* _What you will do_
The pictures stay out. Please retype every line below exactly.
= = = = =
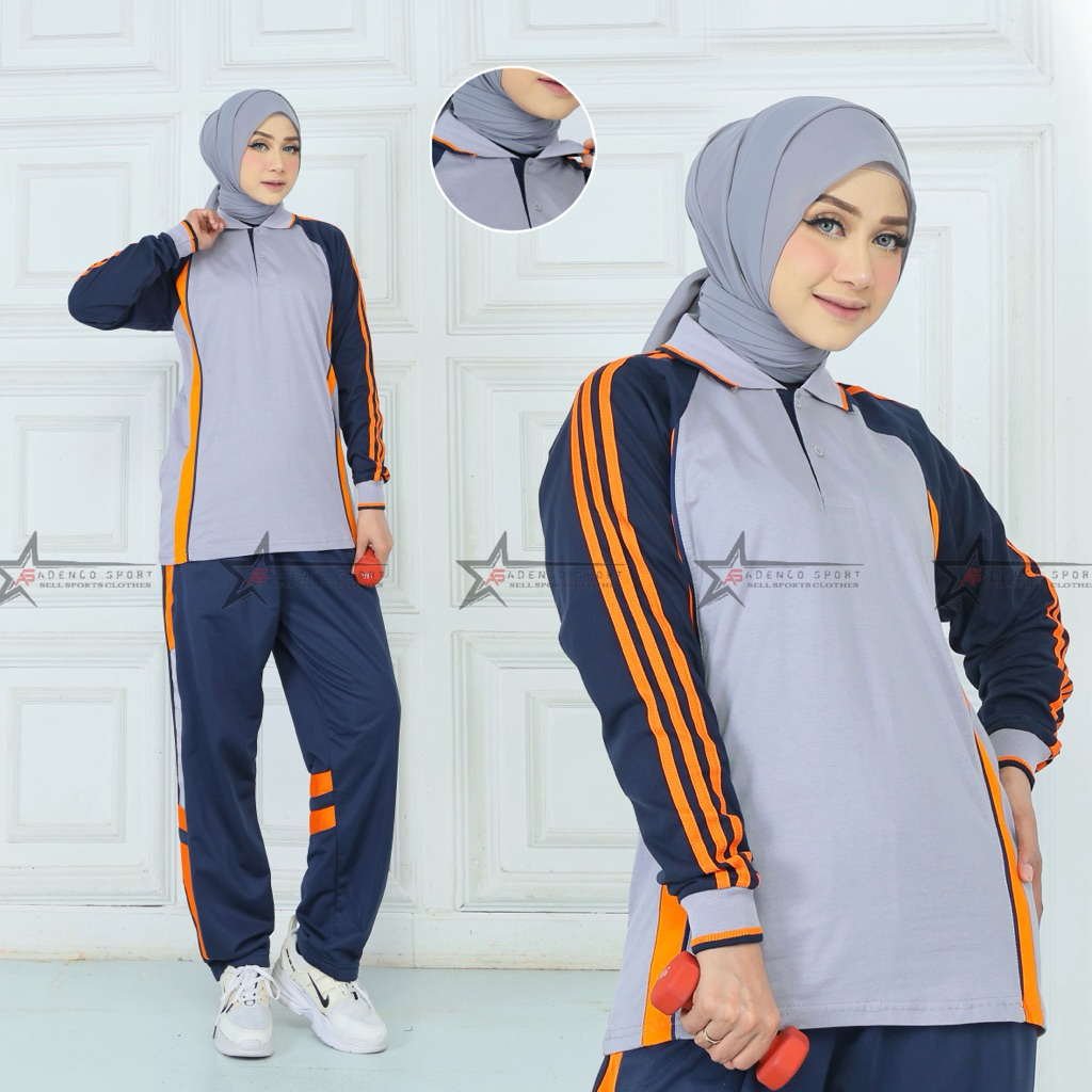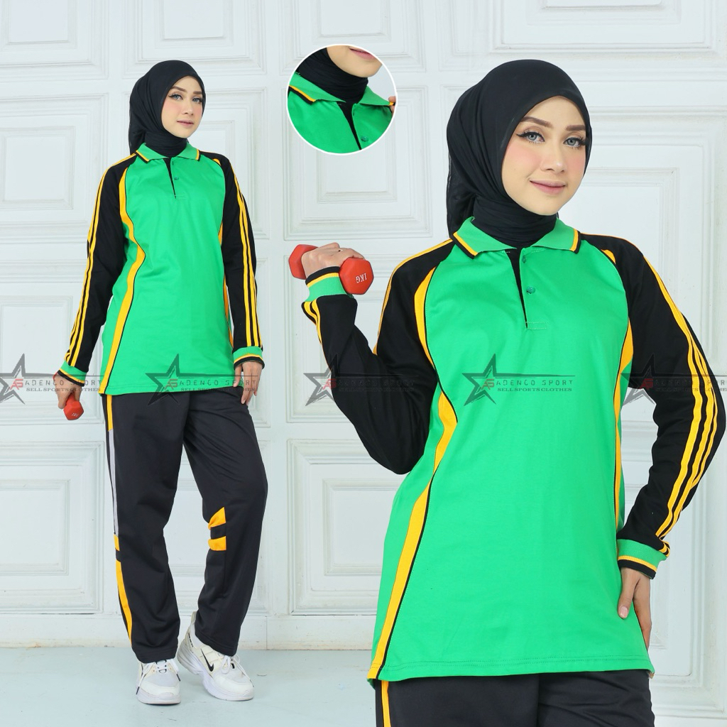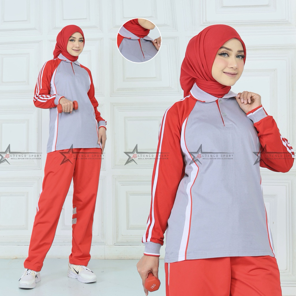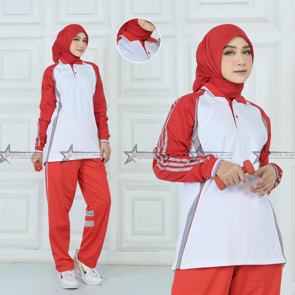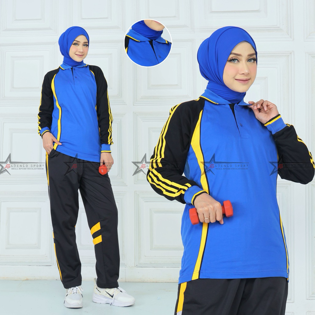 Setelan Baju Training Olahraga Senam Lengan Panjang Wanita / Seragam Stelan Training Olahraga Senam
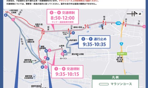第4回鷲峯山麓ハーフマラソン大会開催に伴い、以下の通り交通規制を実施いたします。周辺を通行される皆様にはご迷惑をおかけいたしますが、何卒ご理解とご協力の程よろしくお願い申し上げます。
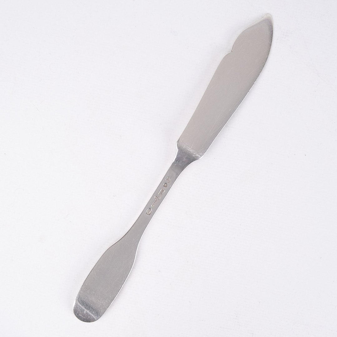 Fiskekniv i mønster nr. 19 af Evald Nielsen. Sølv 830s, stemplet. Elegant dansk sølvdesign i klassisk stil.Spørg efter antal.
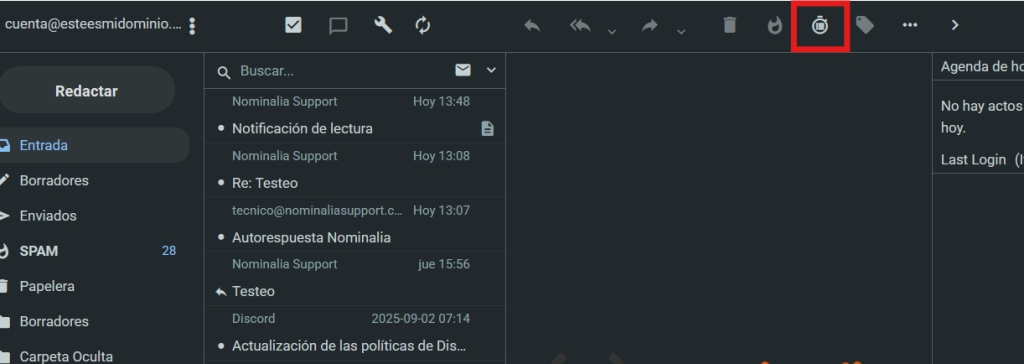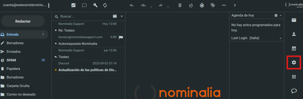 Antes de nada, para acceder al nuevo Webmail, dirígete a https://webmail.nominalia.com y accede con tu usuario y contraseña:
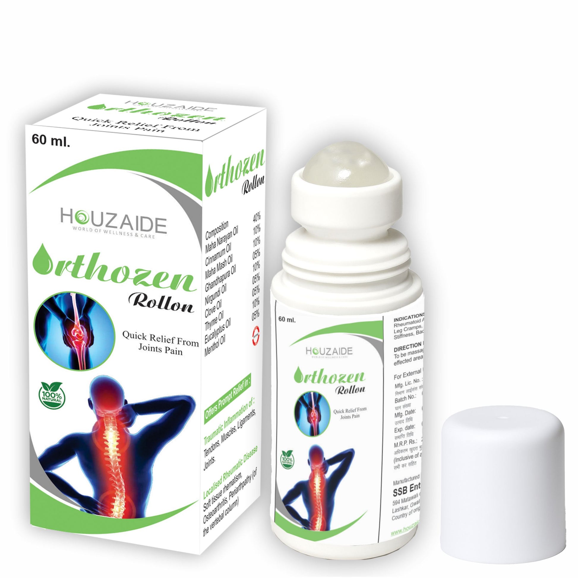 Houzaide Orthozen Ayurvedic Pain Relief Roll-On Oil – 60ml | Fast Relief for Joint, Muscle, Knee, Back, Neck & Shoulder Pain | Herbal Formula with Researched Plant-Based Ingredients
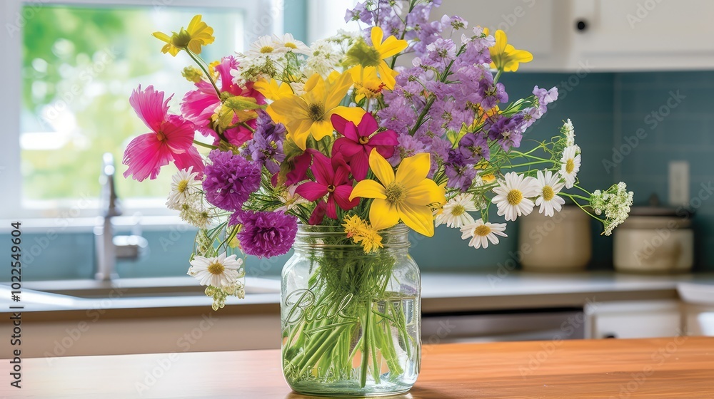 Farmhouse Flowers In Kitchen Wallpaper Mural - Decorly Solutions | Decorly Solutions
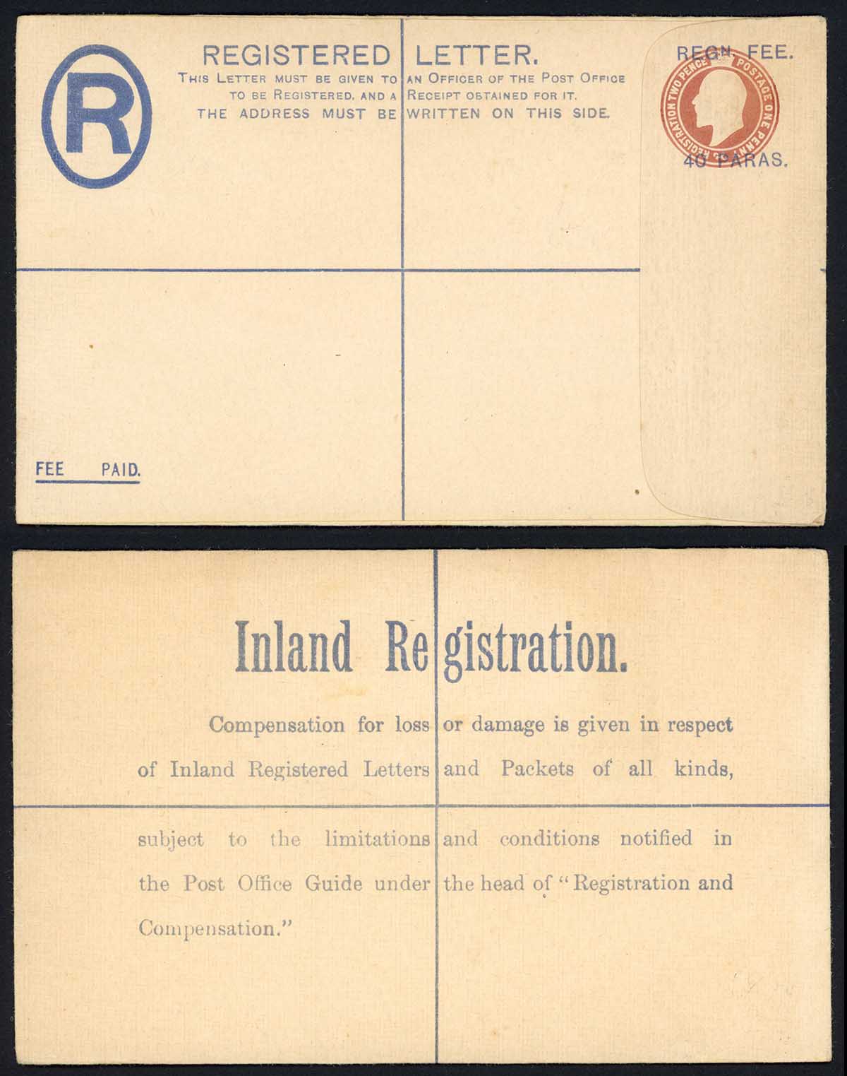 British Levant KEVII 40 Paras O/P on 3d Brown Registered Letter Size G
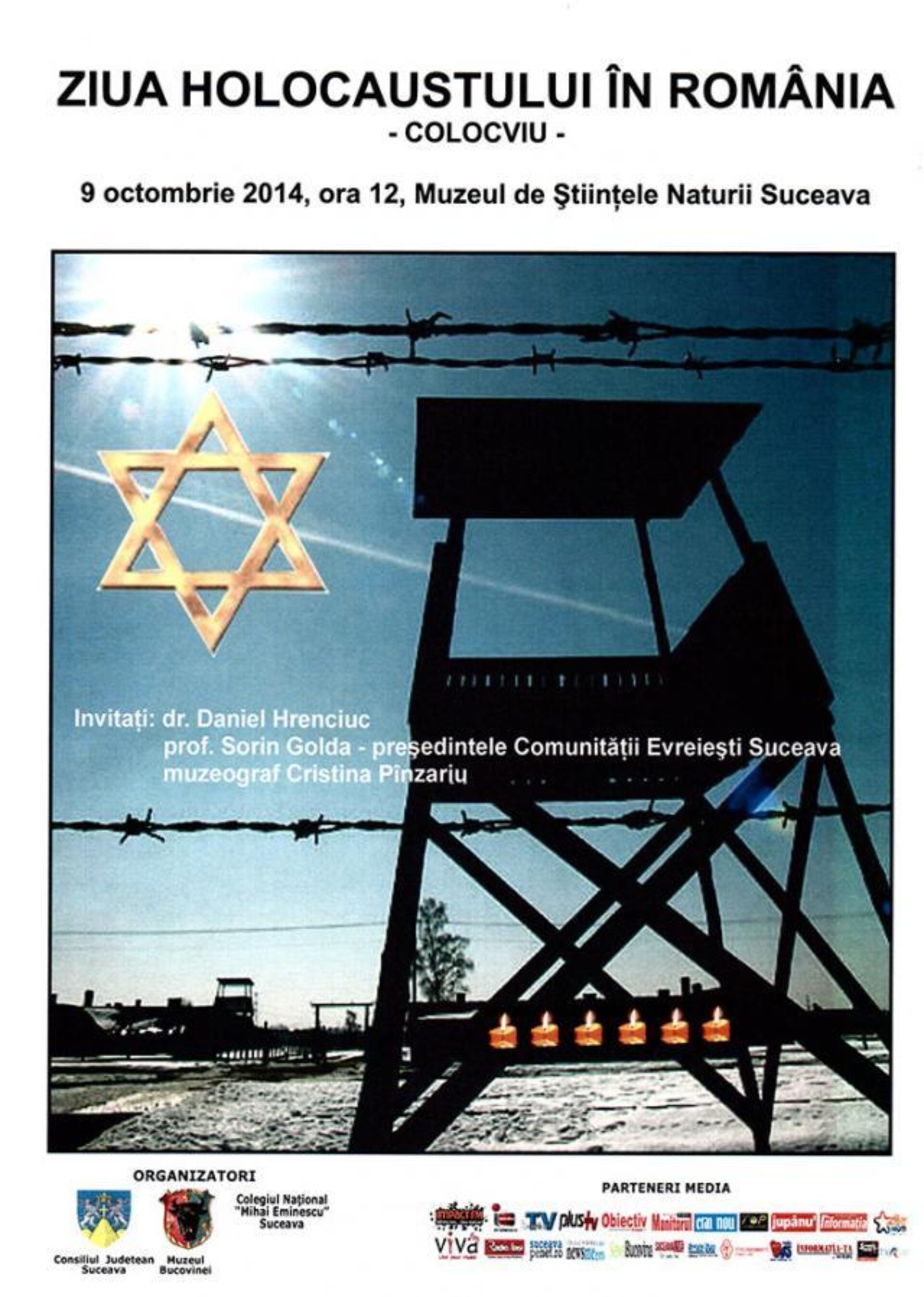 În sala de festivități a Muzeului de Științele Naturii Suceava are loc, începând cu ora 12.00, un colocviu dedicat Zilei Holocaustului în România, zi la care, în anul 1941, a început deportarea forțată a populației evreiești, din Basarabia și Bucovina, în Transnistria. În cadrul colocviului vor susține comunicări dr. în istorie Daniel Hrenciuc, care va prezenta și cartea „O istorie care se stinge: Evreii din Rădăuți”, prof. Sorin Golda, președintele Comunității Evreiești Suceava, și muzeograful Cristina Pînzariu, de la Muzeul Bucovinei.
= = = = =
* _Task result_
 Setelan Baju Training Olahraga Senam Lengan Panjang Wanita / Seragam Stelan Training Olahraga Senam
第4回鷲峯山麓ハーフマラソン大会開催に伴い、以下の通り交通規制を実施いたします。周辺を通行される皆様にはご迷惑をおかけいたしますが、何卒ご理解とご協力の程よろしくお願い申し上げます。
 Fiskekniv i mønster nr. 19 af Evald Nielsen. Sølv 830s, stemplet. Elegant dansk sølvdesign i klassisk stil.Spørg efter antal.
 Antes de nada, para acceder al nuevo Webmail, dirígete a https://webmail.nominalia.com y accede con tu usuario y contraseña:
 Houzaide Orthozen Ayurvedic Pain Relief Roll-On Oil – 60ml | Fast Relief for Joint, Muscle, Knee, Back, Neck & Shoulder Pain | Herbal Formula with Researched Plant-Based Ingredients
 Farmhouse Flowers In Kitchen Wallpaper Mural - Decorly Solutions | Decorly Solutions
 British Levant KEVII 40 Paras O/P on 3d Brown Registered Letter Size G
 În sala de festivități a Muzeului de Științele Naturii Suceava are loc, începând cu ora 12.00, un colocviu dedicat Zilei Holocaustului în România, zi la care, în anul 1941, a început deportarea forțată a populației evreiești, din Basarabia și Bucovina, în Transnistria. În cadrul colocviului vor susține comunicări dr. în istorie Daniel Hrenciuc, care va prezenta și cartea „O istorie care se stinge: Evreii din Rădăuți”, prof. Sorin Golda, președintele Comunității Evreiești Suceava, și muzeograful Cristina Pînzariu, de la Muzeul Bucovinei.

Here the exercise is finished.